Yes, after it had gained traction. The pre-install was an amusing distraction that made zero impact on downloads.

> It's very, very, very, hard to get to market, get attention, and get to a competitive wage in the US, just on UX and an iOS app, even with a year or two of patience.

That is a universal problem with building anything, whether it's a native app, web app, or protein shake. However, I'll argue tons more ways to build traction in native apps than web apps, on both a technical and marketing level.

For the record, I'm not "calling out your privilege".

In the stronger tone you've consistently led me to believe you appreciate: I have absolutely no idea what your first mac app being in 2011 has anything to do with what I said, that you might have a slightly skewed perspective on the ability to build a sustainable product on just iOS. I guess that's your way of saying you didn't think you were even getting started / well-known until 13 years ago.

Take it for what it is: someone who benefited greatly from your and a select few others is saying you seem bizarrely myopic when you handwave about "normal people" and "as a consumer". "Prototyping in SwiftUI" made me absolutely cringe. Please try a modern web dev flow, Flutter, probably React Native. Then bizarrely combative coupled with "well if you need web build web" -- oh okay! Good to know an iOS app is enough and rest is irrelevant, unless it isn't.

> I have absolutely no idea what your first mac app being in 2011 has anything to do with what I said,

You literally said, "The old Mac indies have brand names and a benefit of a smoother transition since they were there before the App Store." I told you I was never an old Mac indie.
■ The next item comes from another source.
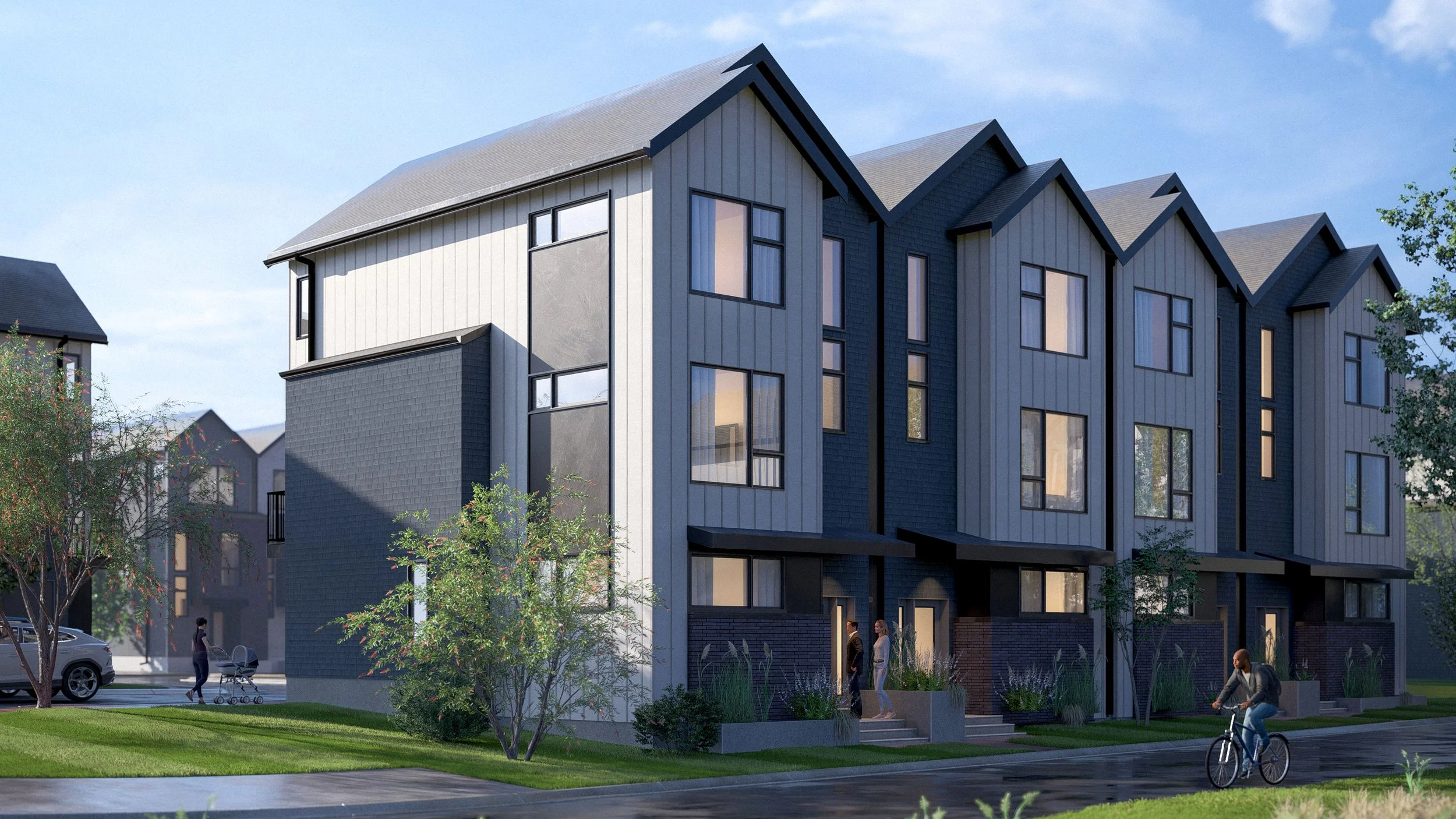 Harmony Townhomes is a thoughtfully refined multi-residential development in Rocky View, AB. Over the past year and a half the project underwent multiple redesigns to both the unit plans and overall site configuration, allowing the team and client to fully test feasibility, livability, and long-term value before moving forward.

My one Mac project shipped years after the iOS App Store was well established. I am showing you that your whole thesis is just factually wrong.
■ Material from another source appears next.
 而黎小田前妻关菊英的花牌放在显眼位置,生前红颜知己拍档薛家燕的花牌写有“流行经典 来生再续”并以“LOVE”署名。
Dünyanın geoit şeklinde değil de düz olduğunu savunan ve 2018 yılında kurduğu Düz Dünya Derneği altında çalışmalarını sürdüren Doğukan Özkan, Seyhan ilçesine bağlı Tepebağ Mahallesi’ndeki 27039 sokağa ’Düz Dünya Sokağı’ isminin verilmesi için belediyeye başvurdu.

> "Prototyping in SwiftUI" made me absolutely cringe.

I can't find "prototyping" anywhere in the thread.

> Please try a modern web dev flow, Flutter, probably React Native.

I've tried React Native, and even dug into its implementation. It is exactly the convoluted, leaky abstraction that it looks like. In my spare time, I act as therapist for friends forced to support React Native at work.

> you seem bizarrely myopic when you handwave about "normal people" and "as a consumer".

Google "app vs website usage" and you'll find plenty of data to back up what I'm saying. Or just ask your non-technical friends and family how they use their phones.

> Then bizarrely combative coupled with "well if you need web build web" -- oh okay!

Normal people want apps. Sometimes web apps are better from a logistical perspective; for example, if your product is a party-invite platform, it's easier to send a link to a website than ask everyone to install an app.

What absolutely sucks is building a native app with cross platform tools, for reasons that have been explained to death over the last 15 years. It's the homeopathic medicine of software, and just as much a waste of time to debate with practitioners.